The Archdiocese of New York found molestation accusations against Archbishop Theodore McCarrick to be credible. On July 28, Pope Francis accepted his resignation as his molestation against both minors and adult seminarians came to light. Although a new case of abuse is about to break, the molestation originally in question was McCarrick’s rape of an altar boy at Saint Patrick’s Cathedral in 1971 and 1972. Now, it seems that the Vatican is trying to paint the 1971-1972 abuse of the altar boy as “consensual.”
According to James Grein – another molestation victim of McCarrick – accusations of molestation against the first altar boy in ’71 and ’72 were dropped because according to him:
The credible evidence has been dropped because the altar boy went to St. Patrick’s Cathedral to solicit sex from McCarrick.
The altar boy in question was molested in the sacristy and lavatory of the cathedral before a Christmas Mass.

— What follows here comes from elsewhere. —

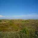Direction la pointe de Skagen. C’est noir de touristes, et nous roulons toujours sous un cagnard costaud. Puis nous bifurquons vers l’Est où l’on tombe sur un super shelter avec vue sur la mer et même des WC dans un ancien moulin à une 100aine de mètres !

Grein, who is reporting the account of McCarrick molesting the altar boy consensually (according to Vatican investigators, not Grein), was baptized by McCarrick as an infant and then molested by him, beginning at age 11.
Because the here-to-fore unnamed altar boy from 1971-72 was 16, he was at the age of consent and the Romanists considered him a “consensual adult.” Homosexual sex in the church’s sacristy, notwithstanding.
Grein was molested regularly by McCarrick during Confession, which is taken more seriously by the Vatican than molestation or gay sex happening in the lavatory or sacristy (the priest’s dressing room). Because the other victim was 16 – and not 11 – and because it wasn’t in the confessional booth, it will likely not be followed-up by Vatican investigators.